Her elementary school years.



PS 186 Harlem, New York City 1942 6th grade graduation class



How old were you and when did you attend P.S. 186?

Ans. I graduated from PS 186 in June of 1942. I was eleven years old and in the 6th grade when I graduated. I began school in the 1st grade 1936 at PS 186. I never went to kindergarten because I had asthma and was at home sick a lot of the time recuperating. 


Who was the principal? How was he/she?

Ans. The principal I remember was Dr. Bernath. He was a very nice man. He often came to our classrooms and took over a lesson while our teacher observed. He was a master teacher. 


What were your friends like? What things did you do with them?

Ans. My best friend, Catherine English, and I were selected by Dr Bernath in the 6th grade to be his monitor during lunchtime. Catherine and I went all through Elementary, Junior High and High School together. We ate lunch together, studied together and played with cut out dolls. 

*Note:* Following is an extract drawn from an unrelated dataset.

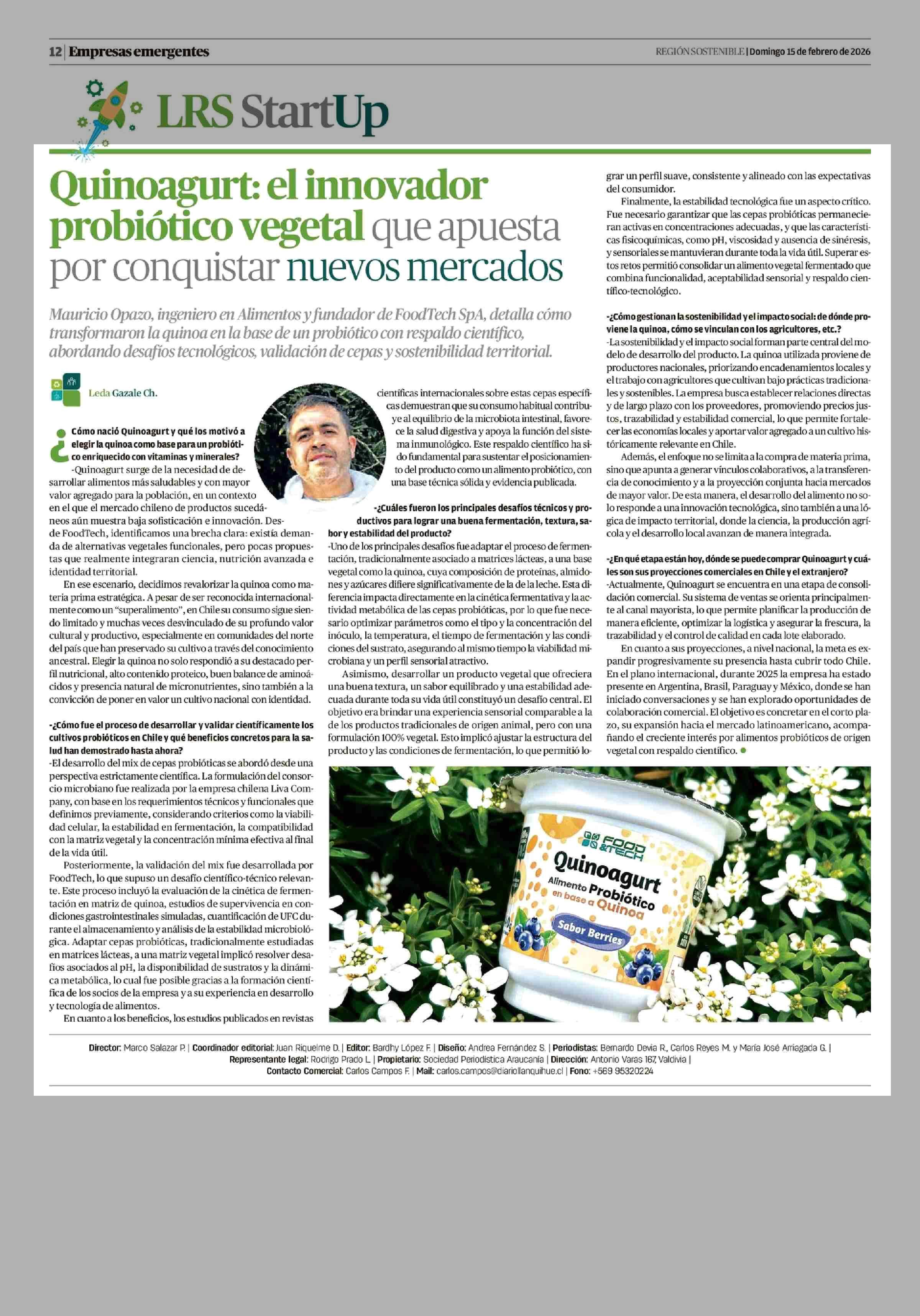 Título: Quinoagurt: el innovador probiótico vegetal que apuesta por conquistar nuevos mercados

Who was your favorite and least favorite teacher? Why?

Ans. I don't recall any special attraction to any of my teachers. They were all good teachers in that they taught us. The kids in my classes were really smart and worked hard to keep up. There was simply no excuse for not doing homework or falling behind. The black kids were under pressure to show excellence. It was expected of us at home and in school. Many of my teachers appeared to be personally intolerant toward black kids and showed very obvious differential treatment. But they expected all of us to excel with our work. Which was all we learned to expect from them. 

 

What race were the teachers?

Ans. The teachers were all white and mostly Irish Catholic. They were probably 1st generation immigrants. They were keen on telling us African American kids to get a good education or don’t complain about being held back later in life.   


What races were the students?

Ans. The students were immigrants from Cuba, Puerto Rico and Germany. We were cautioned to be welcoming to the Jewish children from Germany who had escaped Hitler's wrath. Graduation ceremonies in 1942 were suspended for fear that there would be an "air raid" during the ceremonies and the parents would be ill prepared to cope with the procedures we had for taking cover.

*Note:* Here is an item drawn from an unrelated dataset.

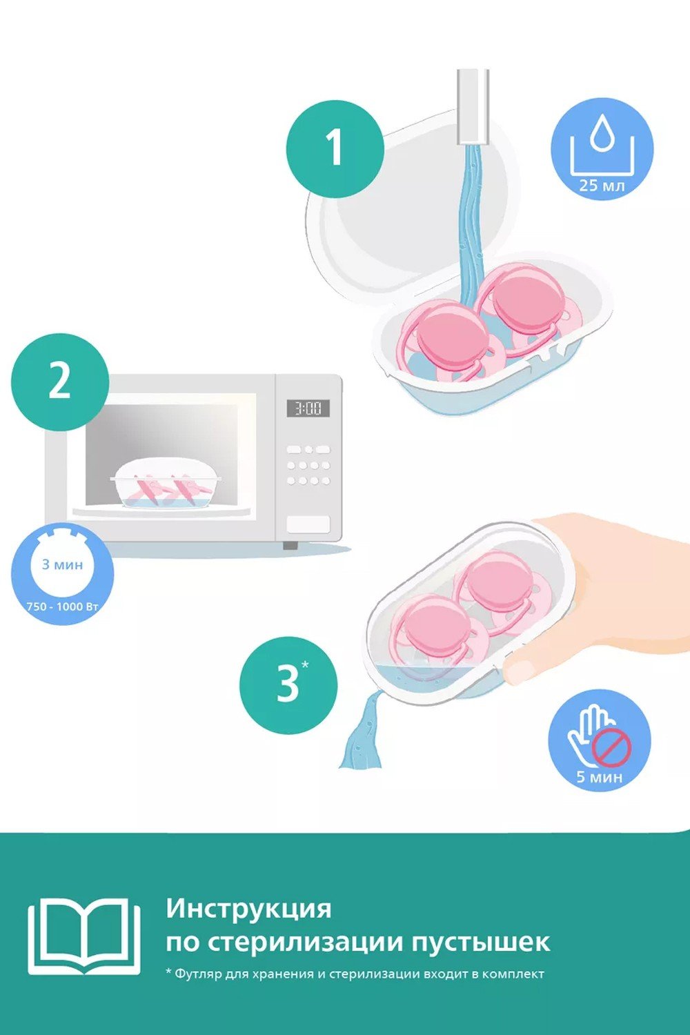 Несколько простых шагов для стерилизации за 3 минуты. С помощью стерилизатора/ контейнера для переноски можно выполнить стерилизацию соски-пустышки в микроволновой печи и взять ее с собой в дорогу.

Were the teachers racist in any way towards you or any of the minority kids?

Ans. The air of racism was undeniable it "colored" everything we learned. About slavery we were taught such things as "the coloreds were happy go lucky" as if to say that slavery was a blessing for a people who were born to be inferior. I was a good student and always took these little racist tid bits home. The next day my mother would be in school. Teachers were full of praise for my mother. As a result they would teach from the book and not add their own opinions. I came from a family of teachers so as far as black history, slavery, and other racial issues were concerned a loving and knowledgeable family and friends taught us at home. However preferential they were, toward the white kids in general and the boys in particular, I was always selected to be the class artist with all my teachers. They were extremely supportive of my ability to draw and paint. Many/most teachers practiced favoritism at that time. 


What were the race relations like between the students?

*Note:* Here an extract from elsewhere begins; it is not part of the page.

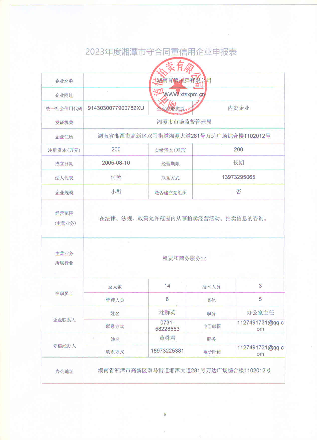 本企業(yè)根據(jù)《湘潭市守合同重信用企業(yè)申報(bào)規(guī)定》等編制 2023 年度企業(yè)信用報(bào)告書,并保證本報(bào)告書內(nèi)容真實(shí)、準(zhǔn)確、完整。
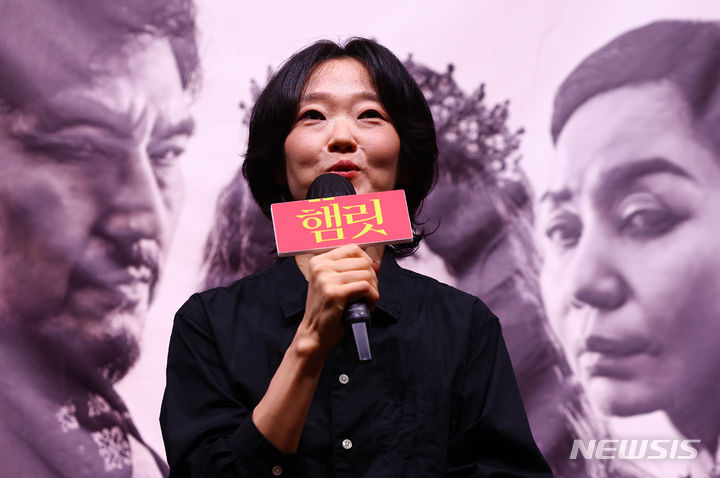 [서울=뉴시스] 김근수 기자 = 국립극단 연극 '햄릿'에서 햄릿 공주 역을 맡은 이봉련 배우가 8일 서울 중구 국립극단 명동예술극장에서 열린 국립극단 연극 '햄릿' 기자간담회에서 공연 소개를 하고 있다. 2024.07.08. [email protected]

Ans. We all lived in segregated neighborhoods. Children sought friendships with kids of similar racial backgrounds. Of course there are always exceptions. But none I can recall. I never had any white friends until I went to College. 


Did you have a school nurse and how was he/she?

Ans. having asthma I was familiar with the school nurse. She was a nice woman.


Were there any clubs, after school activities, dances, or school plays? And did you attend any of them?

Ans. We had weekly assemblies for which we had to wear a white blouse and dark skirt. Assemblies were formal. There were WPA murals in our auditorium. I enjoyed going to assembly so that I could see the beautiful paintings on either side of the stage. 


What did you like and dislike most about the school? Why?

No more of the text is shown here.